Credit Daniel A. Varela / Miami Herald
/
Miami Herald
A temporary above ground sewage pipe inside the Rio Vista neighborhood in Fort Lauderdale, Florida, on Tuesday, January 7, 2020.

The last time someone called for a moratorium, after a disastrous sewage spill in 2016, they gathered a little over a thousand signatures.

“As we face the future sea level rise adding to the impacts of already aging infrastructure, we need a plan with concrete costs and identifiable sources of funding,” said Mary Fertig, who led the petition drive as head of Lauderdale Tomorrow. “We need to just step up and have the conversation.”

At the same meeting, representatives from the city’s Downtown Development Agency argued against any slowdown in the city’s development. They noted that the impact fees developers pay help fund some of the sewage projects.

“It is not about new development, it is about age of pipes and condition. So let’s address the problems with the appropriate solutions,” said DDA Head Jenni Morejon. “We do not need to stop.”

Lagerbloom said there wasn’t much political support for a moratorium, despite pressure from residents.

A HEFTY PRICE TAG

To foot the immediate bill, commissioners agreed Tuesday night to use cash from a few spots, including raiding a new $200 million parks bond. About $60 million will be used to replace the main trunk of the city’s system, 7.5 miles of sewer pipe connecting a golf course to a wastewater treatment center. The city’s newly hired contractors said it would take between 16 to 18 months.

When asked if the city might have to take out another $200 million bond before the current one runs out in five years, Lagerbloom told commissioners he didn’t know but said “extreme circumstances sometimes have to be met with extreme measures."

Credit Daniel A. Varela / Miami Herald
/
Miami Herald
Tracey Bartholomew, a Rio Vista neighborhood resident for 35 years, climbs down an improvised bridge constructed to let residents cross a temporary above-ground sewage pipe, in Fort Lauderdale, Florida, on Tuesday, January 7, 2020.

The other option, besides higher taxes, is getting another bond. But some worry the sewage crisis could make that more difficult. Credit agencies, the companies that calculate how much interest a city pays to borrow money, recently visited Fort Lauderdale to update the city’s credit rating. The city manager told residents they focused on cyber-security and resilience but the following week, Fort Lauderdale was fined for more than a dozen unauthorized sewage spills.

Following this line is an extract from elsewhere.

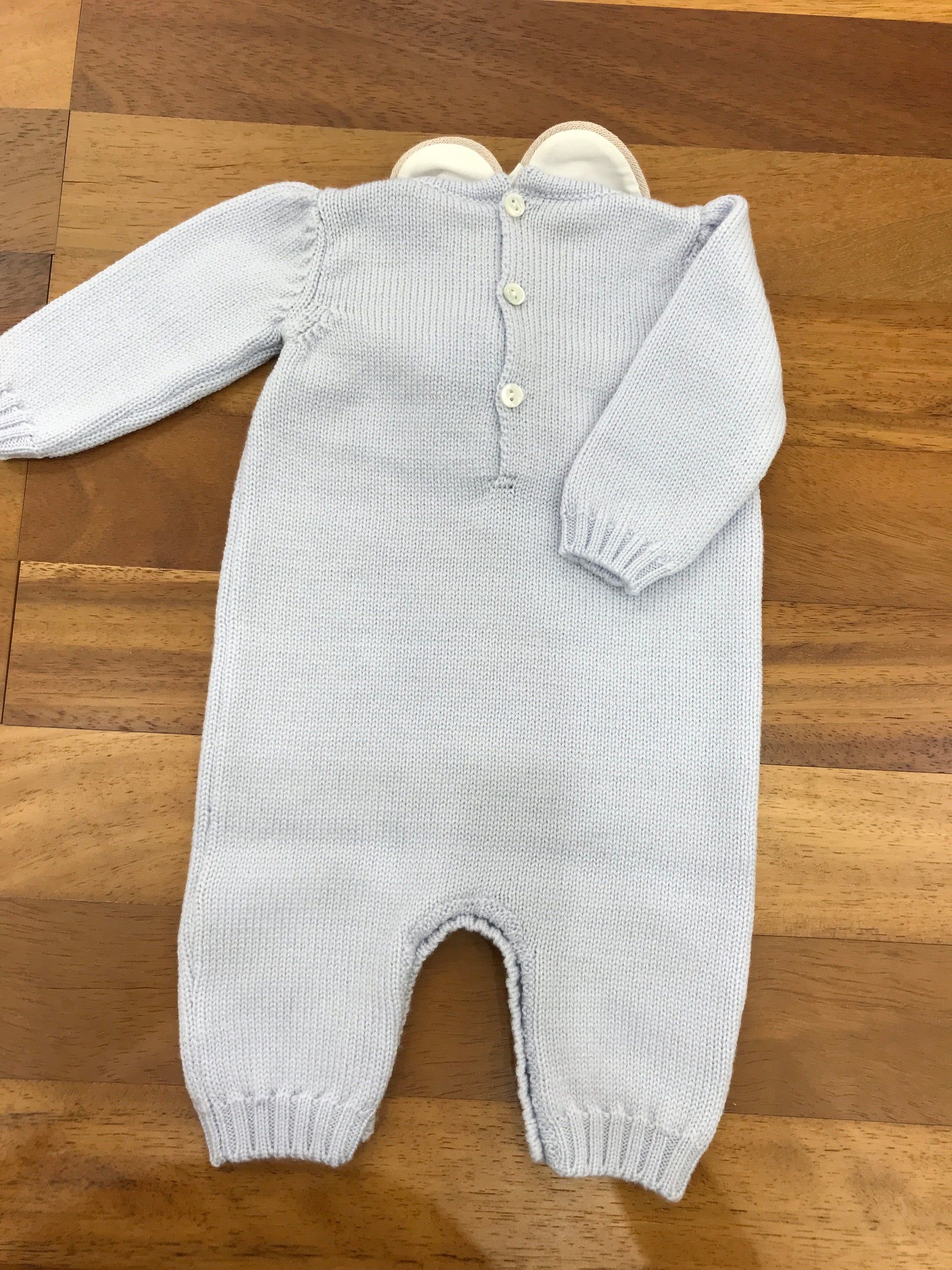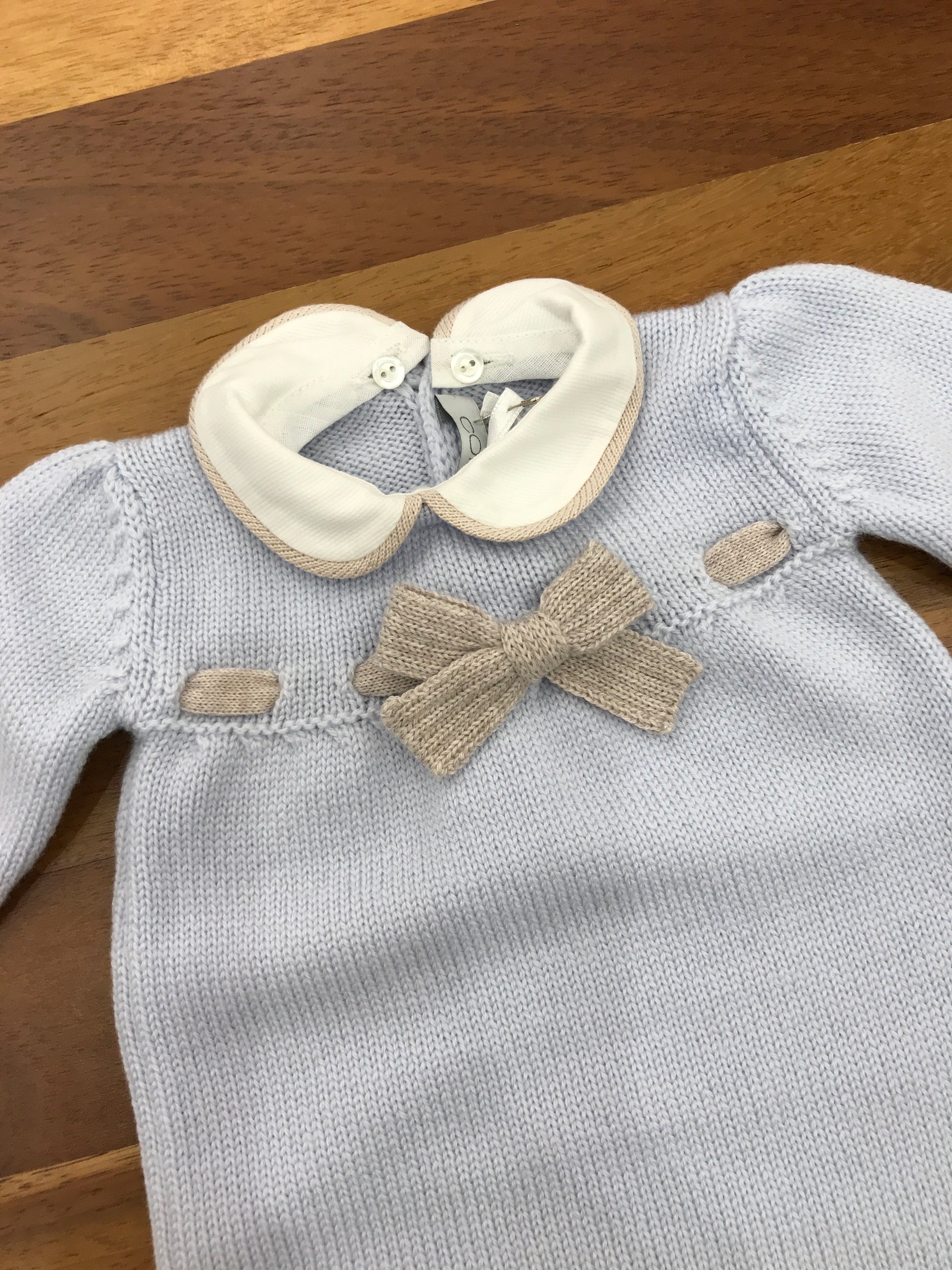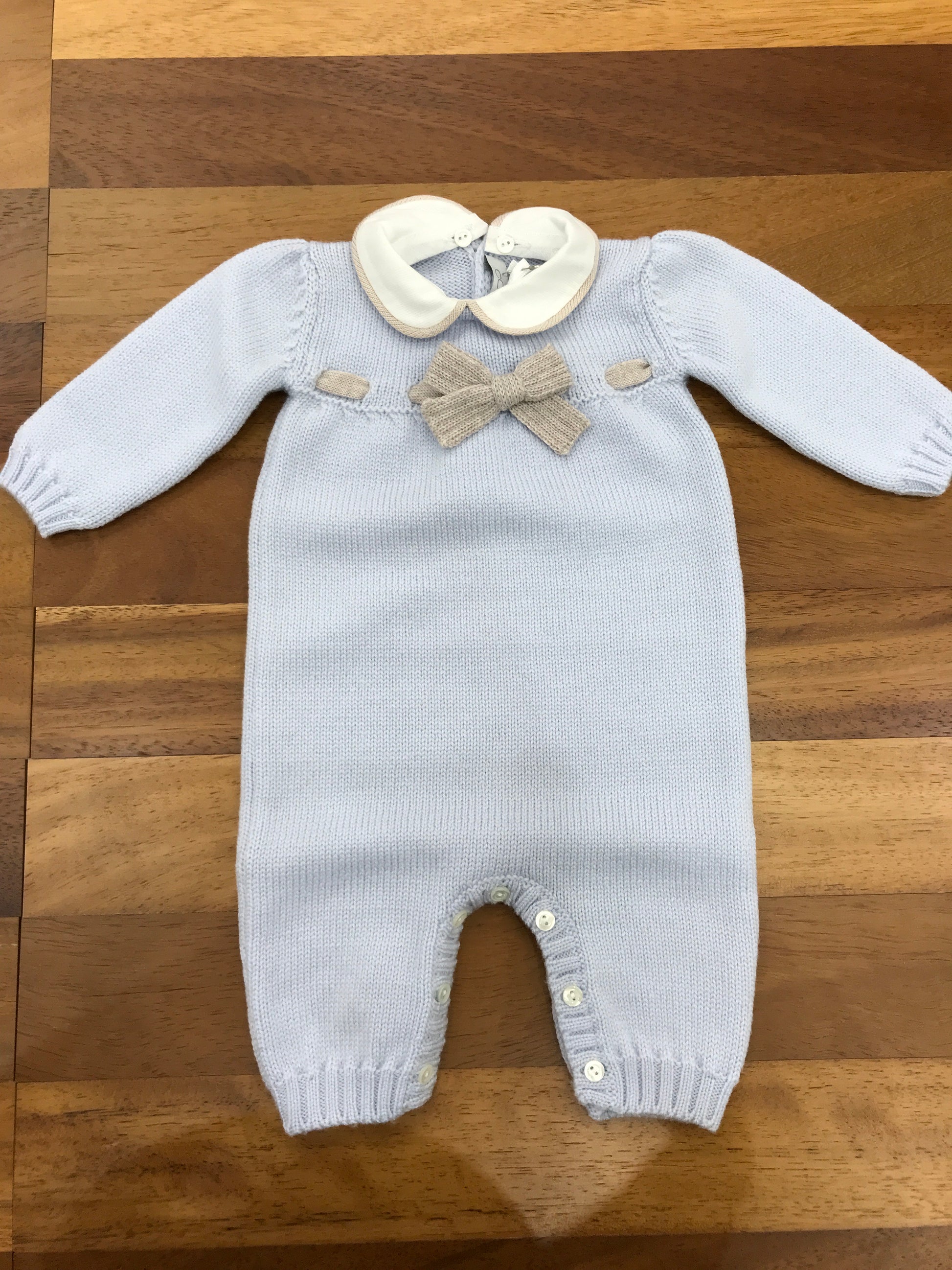 Questa tutina intera è priva di piedini e presenta un collo removibile, arricchita da un fiocco decorativo posizionato al centro.

In Miami-Dade, even as the county works to comply with a consent decree to do repairs and upgrades, systems are constantly failing, letting untreated sewage spill from its rupturing pipes and crumbling pump stations. And the county keeps postponing work that should be considered priority, said Kelly Cox, from Miami Waterkeeper.

“This is critical infrastructure we are talking about, and we should be doing all the priority repairs instead of waiting for pipes to crack,” Cox said.

She cited as an example a busted pipe in the Oleta River in December that spilled at least one million gallons of raw sewage that reached Biscayne Bay. The pipe was supposed to have been fixed in 2013.

And the spill was only found when a kayaker spied gurgling water under a bridge that runs by the park in northern Biscayne Bay.

“We should be doing a much better job monitoring our sewage systems,” Cox said. “We can’t wait for kayakers to spot a spill and then report it to the county.”

This story was produced in partnership with the Florida Climate Reporting Network, a multi-newsroom initiative founded by the Miami Herald, the South Florida Sun Sentinel, The Palm Beach Post, the Orlando Sentinel, WLRN Public Media and the Tampa Bay Times.

Credit Daniel Varela / Miami Herald
/
Miami Herald
A couple rides bikes past the temporary aboveground sewage pipe erected to assauge the sewage leak inside the Rio Vista neighborhood in Fort Lauderdale, Florida, on Tuesday, January 7, 2020.